Ukraine had been waiting for them for over a year. On Sunday, August 4, Ukrainian President Volodymyr Zelensky confirmed the presence on Ukrainian soil of the first F-16s, the American-made fighter jets promised by several allied countries since the summer of 2023. He did not specify their number but said it was "not enough" and added that Kyiv was expecting "additional" deliveries.
Despite their symbolic significance, many experts now think that the likelihood the F-16s will upset the long war of attrition that the Russians and Ukrainians have entered into is highly uncertain, given the many other parameters that now come into play.
While the F-16s may, for example, enable Kyiv to strike Russian forces on the ground further behind the 900-kilometer front line, there is no guarantee that they will quickly be able to neutralize Moscow's planes, which have been dropping devastating glide bombs over Ukraine for months.
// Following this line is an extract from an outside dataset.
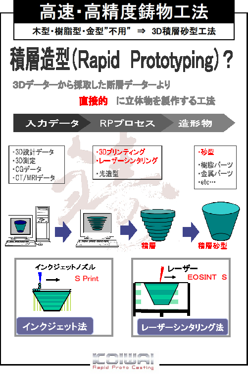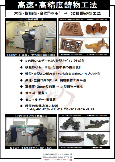 - RP 砂型積層工法による各種鋳物の試作鋳造品・並びに積層砂型の製造販売 【適用材質】:アルミニウム・マグネシウム・鋳鉄・ダクタイル鋳鉄・ニレジスト耐熱鋳鉄・鋳鋼・ステンレス鋼・CAC等銅合金
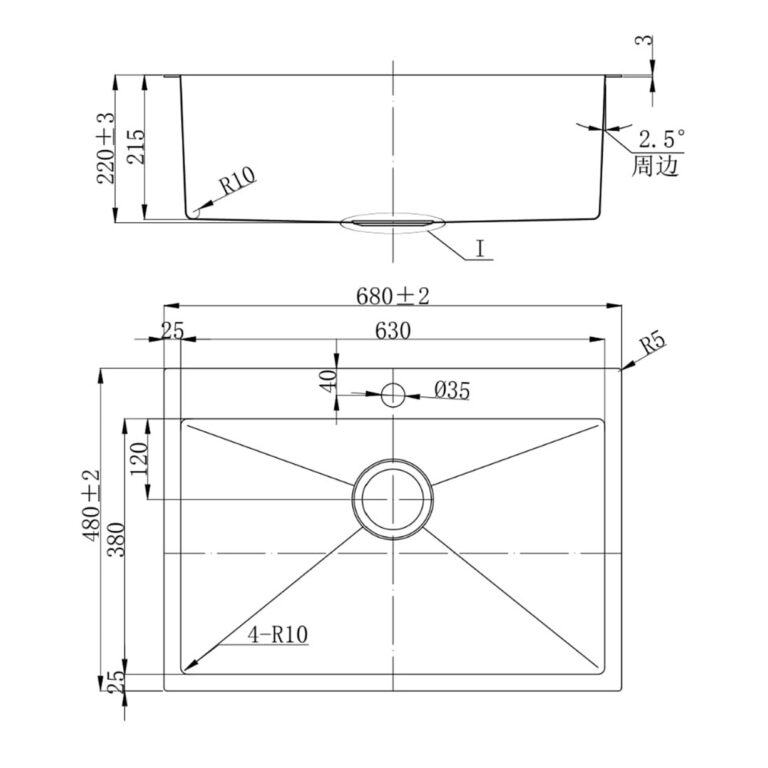 Single Bowl (Kitchen Sink) (3mm Thickness Top) (Honeycomb Nano Coating)

While its allies promised to deliver 90 aircraft, this process will take several years. The United State also pledged to equip these F-16s with "at least the critical volumes" of weaponry. But the allies will then have to agree to provide the rest by purchasing this ammunition from the Americans.
"[The F-16 is] an important addition. It's not in itself changing the war," Norwegian Foreign Minister Espen Barth Eide told the Wall Street Journal on July 30. "We're not out of the tactical military impasse," judged Elie Tenenbaum, the director of the French Institute of International Relations's Center for Security Studies in a July 9 interview on the podcast Le Collimateur, after returning from a research trip to Kyiv.
Just over a year after the failed counter-offensive Ukraine launched in the summer of 2023 to retake the territories annexed by Moscow in February 2022, the reality of the balance of power between Russians and Ukrainians is increasingly shrouded in fog.
"We lack precise numbers. Both sides have communication strategies and neither can be trusted," said Joris Van Bladel, a specialist in Russian military affairs and senior associate at the Egmont Institute, Belgium's Royal Institute for International Relations. "A few months ago, I was very pessimistic about the Ukrainians. But a lot also hinges on the outcome of the American elections. The only thing that's for sure is that we're in a war of attrition, where knowledge of the enemy is not as important as physical strength, and whoever can hold out the longest will win."